Human traffickers targeting Indigenous communities -UNICEF report
UNICEF Monitoring and Evaluation (M&E) Specialist, Mr Michael Gillis, presenting some of the findings of the study to the audience at the Umana Yana a few weeks ago (Adrian Narine photo)
UNICEF Monitoring and Evaluation (M&E) Specialist, Mr Michael Gillis, presenting some of the findings of the study to the audience at the Umana Yana a few weeks ago (Adrian Narine photo)

A RECENT study done by the United Nations Children’s Fund (UNICEF) and the Ministry of Indigenous Peoples Affairs (MIPA) has revealed that one in every four victims of trafficking in persons is Amerindian.

The study, which was conducted in 12 villages from nine of the 10 administrative regions, has revealed that trafficking still exists in those communities.

The former Ministry of Labour, Human Services and Social Security had reported that 158 of the persons trafficked between 2013 and 2015 could have been identified by their ethnicity.

The recent study has discovered that most of the trafficked Indigenous Peoples were women. Though persons in the villages understood the concept of human trafficking, and there is an environment of prevention and identification of cases, anecdotal information has revealed that persons are still being lured into it.

Persons reported that trafficking happened internally when girls and boys are going to the cities and mining and logging areas with the promise of good jobs. It also happens between countries, when young people would go to Brazil trying to find better opportunities.

“Child trafficking has a straight relationship with children’s involvement in economic activities and child labour,” the report has revealed.

Quantitative and qualitative data have shown that children and adolescent involvement in economic activities, household chores and early labour is quite common among the Indigenous populations.

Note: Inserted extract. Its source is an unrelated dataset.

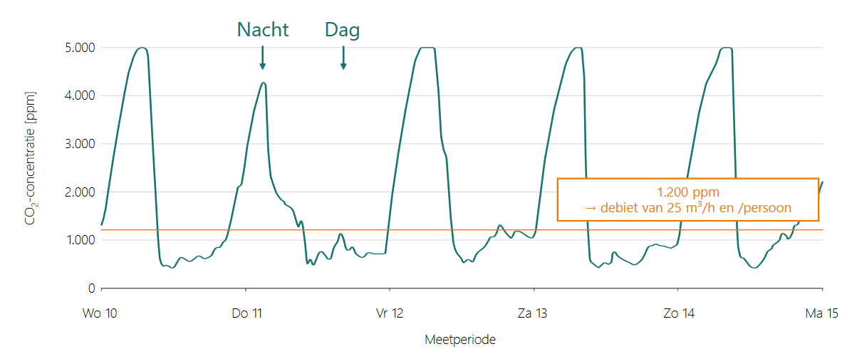 Afbeelding 1 geeft de evolutie weer van de CO2-concentratie in een slaapkamer van één van de woningen zonder ven-tilatiesysteem. Daaruit blijkt dat de concentratie ’s nachts oploopt tot 5.000 ppm (parts per million). Ter vergelijking: de CO2-concentratiewaarde voor een debiet van 25 m³/h per persoon (voor een rustige activiteit) bedraagt 1.200 ppm.

The Guyana Multiple Indicator Cluster Survey (MICS) in 2014 revealed that 35 per cent of the Indigenous children between five and 11 years old are involved in economic activities that are paid or unpaid for at least one hour in the week before data was collected.

Similarly, 74 per cent of Indigenous children in the same age group are involved in household chores and 41 per cent of the Indigenous children between five and 17 years of age were identified as being involved in child-labour. These indicators are reportedly the highest among different socio-economic groups in Guyana. According to the report, involvement in economic activities and child-labour are connected to the harsh economic situations in families that demand children and adolescent to start working to support the families.